Trumps erratisch experimentelle Präsidentschaft bietet allerdings Europa im Moment strategisch einen Riesenvorteil. Noch nie konnte klarer vermittelt werden, welche Stärke und wie viel Schutz in einem einigen Europa liegen. Es ist genau der Moment, um klarzumachen, was die Europäische Union jetzt braucht: „Europe first!“ Europa zuerst – nicht als Aussage oder Ansage gegenüber dem Rest der Welt, sondern als Aufforderung an uns selber, uns Europäer in unseren Staaten von Schweden bis Portugal, und selbstverständlich vor allem in Frankreich und Deutschland, den größten Ländern der Union, die am meisten profitieren. Für alle Europäer muss Europa das Projekt erster Priorität werden. Nur die Einigkeit der Union stärkt unsere Demokratien auf die Weise, wie das schon jetzt – neben China, Amerika, Indien, Brasilien – erforderlich ist und noch viel nötiger sein wird. Sinngemäß antizipiert die EU mit ihrem Sternenbanner eine Idee der Vereinigten Staaten von Europa. Aber auch als aktueller Staatenverbund hat das Brüsseler Projekt bereits das Potenzial einer global weitaus wirkmächtigeren, konkurrenzfähigeren Kraft.

Die EU bedeutet für den Einzelnen mehr Souveränität, nicht weniger.

Europa als Staatenverbund ergibt nicht weniger Souveränität, sondern mehr. Eine starke Europäische Union kann Mega-Souveränität erreichen, sie kann im besten Sinn ein ganzes demokratisches Imperium repräsentieren. Jede Bürgerin, jeder Bürger, der Teil davon ist, hat mehr Sicherheit als je zuvor. Ein Land lässt sich besser schützen als ein Schrebergarten, ein Zusammenschluss von Ländern besser als ein Land, das alleine dasteht.
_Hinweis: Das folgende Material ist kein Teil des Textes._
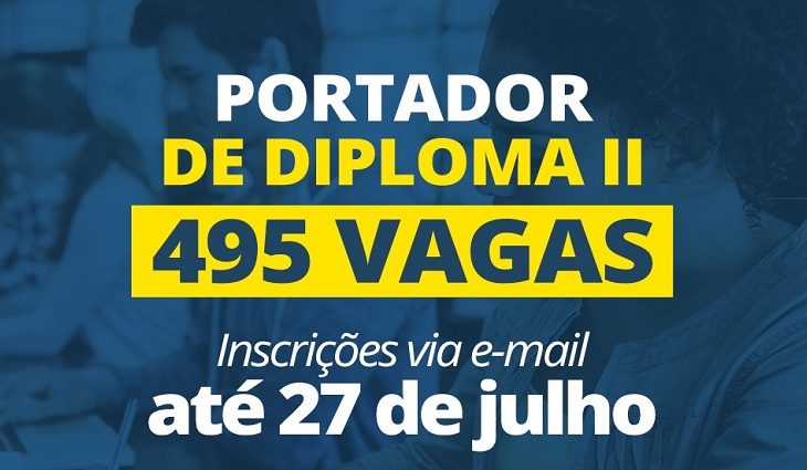 As vagas para o ingresso de portadores de diploma de curso superior são exclusivamente para o ano letivo de 2021. Confira as vagas:
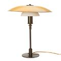 “PH-4,5/3”. Browned brass table lamp marked Pat. Appl. Yellow/white metal top shade, single layer opaline glass middle shade. Manufactured 1926–1928 by Louis Poulsen. H. 53 cm.
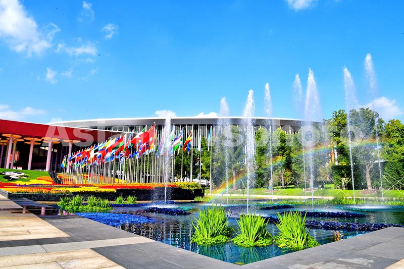 2022年11月8日,上海,国家会展中心南广场彩旗飘扬,鲜花盛开,扮靓进博会。
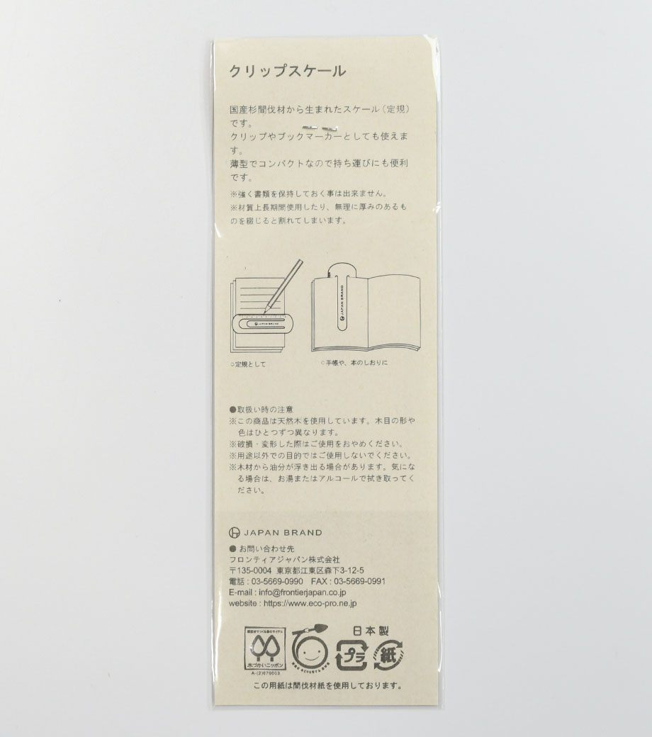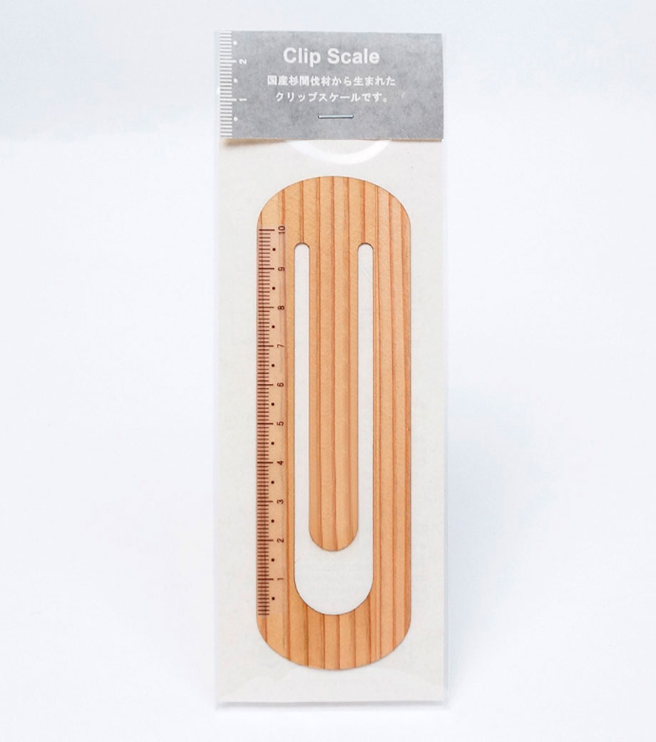 クリップスケールは国産杉の間伐材で作られた定規。軽く薄型コンパクトで持ち運びに便利です。本のしおりとしても使用できます。しなやかな本体は、ページに跡をつけません。天然樹木を使用しているので、木目や色の違いが個々に違いオリジナリティが楽しいノベルティです。

Das muss klar vermittelt werden, wenn es um die EU geht. Die EU ist mehr als ein mächtiger, mehrsprachiger Marktplatz, mehr als ein prosperierender Binnenmarkt. Hier entstehen die Chancen für das Entwickeln gemeinsamer sozialer und wirtschaftlicher Standards. Einen blauen Pass der EU zu halten, bedeutet für jedes einzelne Individuum auf dem Kontinent nicht weniger, sondern mehr Souveränität. Wenn ich in der EU wählen darf, reicht meine Stimme weiter und hat mehr Bedeutung. In diesem Europa ist mein Freiraum größer, mein Handlungsspielraum umfangreicher, und zu meiner Verteidigung stehen enorm viel mehr andere bereit als in einem Einzelstaat. Es geht um einen Raum, der stark ist und überreich ist an Ertrag, für alle.